(Beginning of INPUT DATA)
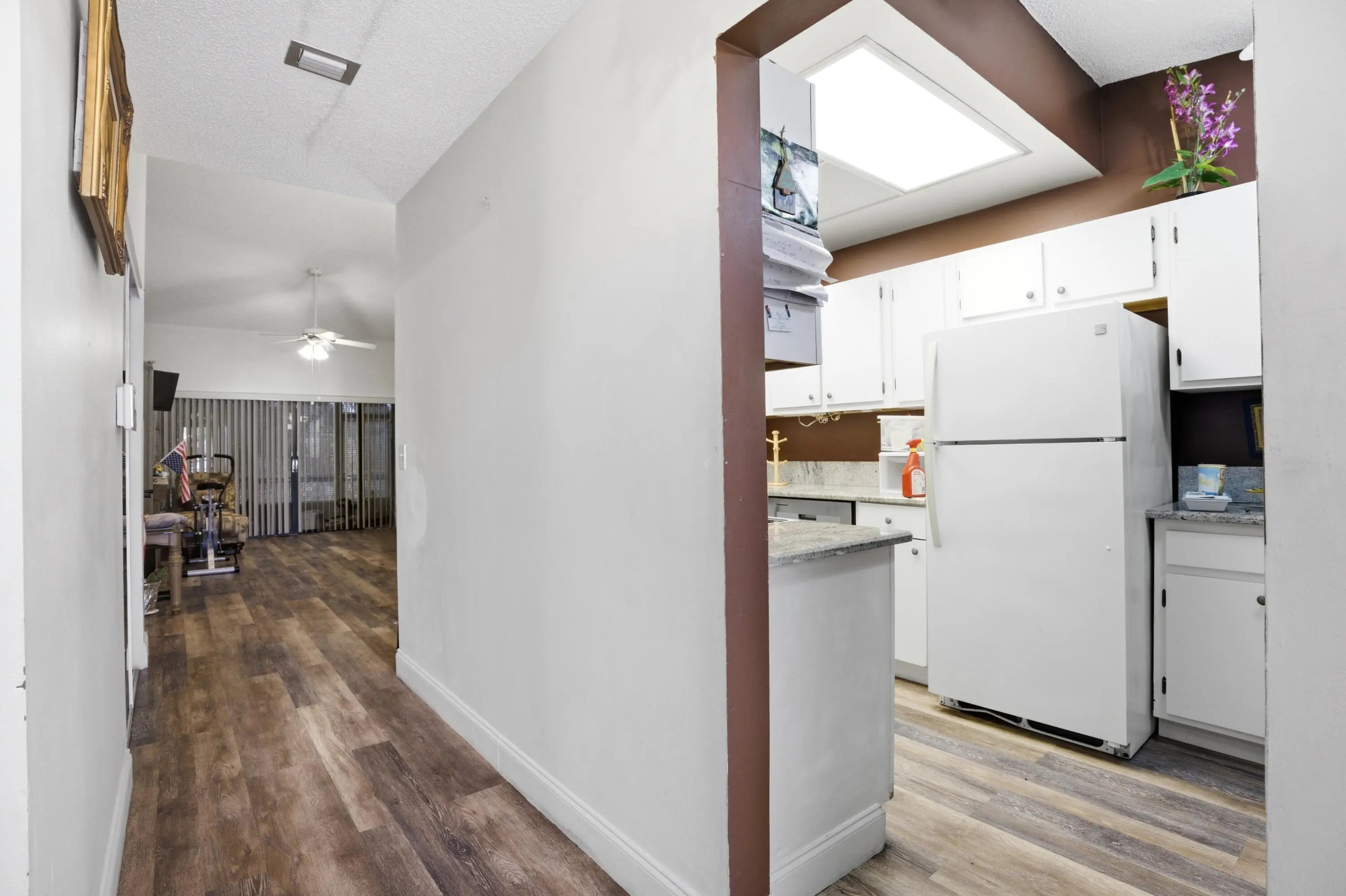 Move-in ready in a desirable 55+ community! Conveniently located near the Florida Turnpike, Wellington Mall, and major hospitals. This charming 2-bedroom, 2-bathroom villa sits on a quiet street and is ready for its new owner. Both bathrooms have been beautifully updated and brand-new flooring installed throughout the entire home. Enjoy the enclosed patio. The community offering two clubhouses, a variety of social and fitness activities, two pools, a hot tub, tennis courts, pickleball courts, and so much more.
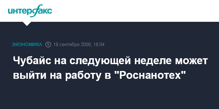 Москва. 19 сентября. INTERFAX.RU - Бывший председатель правления РАО "ЕЭС России" Анатолий Чубайс, потерявший работу 1 июля в результате ликвидации энергохолдинга в рамках реформы электроэнергетики страны, на следующей неделе может занять пост руководителя госкорпорации "Роснанотех", сообщили "Интерфаксу" источники, знакомые с ситуацией. "По моим данным, Чубайс выйдет на работу в "Роснанотех" в понедельник-вторник", - сказал один из источников.
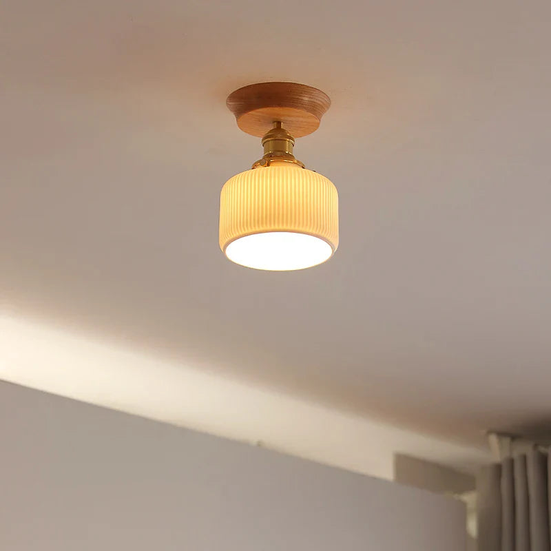 Enhance the ambiance of your Kitchen, Dining Room, Bed Room, Foyer, Study, or Bathroom with this elegant ceiling light. The body is crafted from high-quality Ceramic, Copper, and Wood materials, giving it a sophisticated look that complements any décor style.
(End of INPUT DATA)
EXERCISE
Pictures must be left out. Repeat exactly the lines from the one containing "Москва. 19 сентября." through the final line of the data.

TASK OUTPUT
 Москва. 19 сентября. INTERFAX.RU - Бывший председатель правления РАО "ЕЭС России" Анатолий Чубайс, потерявший работу 1 июля в результате ликвидации энергохолдинга в рамках реформы электроэнергетики страны, на следующей неделе может занять пост руководителя госкорпорации "Роснанотех", сообщили "Интерфаксу" источники, знакомые с ситуацией. "По моим данным, Чубайс выйдет на работу в "Роснанотех" в понедельник-вторник", - сказал один из источников.
 Enhance the ambiance of your Kitchen, Dining Room, Bed Room, Foyer, Study, or Bathroom with this elegant ceiling light. The body is crafted from high-quality Ceramic, Copper, and Wood materials, giving it a sophisticated look that complements any décor style.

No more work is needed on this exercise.